The question is: How to interpret the coefficient of smoking: 𝜷1 = 0.38? First notice that this coefficient is statistically significant (associated with a p-value < 0.05), so our model suggests that smoking does in fact influence the 10-year risk of heart disease. And because it is a positive number, we can say that smoking increases the risk of having a heart disease.

But by how much?

If smoking is a binary variable (0: non-smoker, 1: smoker) Then: $e^{𝛽_1} = e^{0.38} = 1.46$ will be the odds ratio that associates smoking to the risk of heart disease. This means that → the smoking group has a 1.46 times the odds of the non-smoking group of having heart disease. Alternatively we can say that → the smoking group has 46% (1.46 – 1 = 0.46) more odds of having heart disease than the non-smoking group.
If smoking is a numerical variable (lifetime usage of tobacco in kilograms) Then → $e^{𝛽_1} = e^{0.38} = 1.46$ tells us how much the odds of the outcome (heart disease) will change for each 1 unit change in the predictor (smoking). Therefore → An increase of 1 Kg in lifetime tobacco usage multiplies the odds of heart disease by 1.46. Or equally → An increase of 1 Kg in lifetime tobacco usage is associated with an increase of 46% in the odds of heart disease.
Note for negative coefficients If 𝜷 = – 0.38, then $e^𝜷$ = 0.68 and the interpretation becomes: smoking is associated with a 32% (1 – 0.68 = 0.32) reduction in the relative risk of heart disease.

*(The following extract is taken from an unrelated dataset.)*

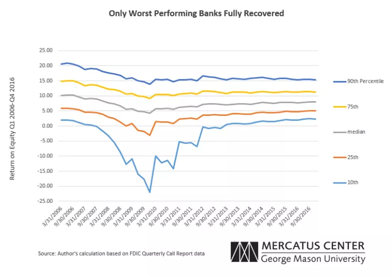 Only the poorest performing banks in Figure 3 have recovered in the sense that the 2016 10th percentile ROEs and ROAs are about equal to the 2006 values, but the values are relatively low. The distribution of outcomes has narrowed since the crisis.

#Interpreting the estimator $\hat{\beta_0}$

How to interpret the intercept (smoking is a binary variable (0: non-smoker, 1: smoker)) The intercept is -1.93 and it should be interpreted assuming a value of 0 for all the predictors in the model. The intercept has an easy interpretation in terms of probability (instead of odds) if we calculate the inverse logit using the following formula:
- $e^{𝜷_0} ÷ (1 + e^{𝜷_0}) = e^{-1.93} ÷ (1 + e^{-1.93}) = 0.13$, so: The probability that a non-smoker will have a heart disease in the next 10 years is 0.13.

We will now interpret the exponentials of the coefficients of your model on nba data. Write the interpretations in your Notebook.

Then → $e^{𝜷_1} = e^{0.05} = 1.05$. The Odds ratio of the independent variable is 1.05 and it tells us how much the odds of the outcome (career length) will change for each 1 unit change in the predictor (gp).

Therefore → An increase of 1 in games played (gp) multiplies the odds of having a career longer or equal than 5 years by 1.05.

Or equally → An increase of 1 in games played (gp) is associated with an increase of 5% in the odds of having a career longer or equal than 5 years.

IMPORTANT NOTE: the interpretation of the coefficients and metrics of the model is the same in multiple logistic regression.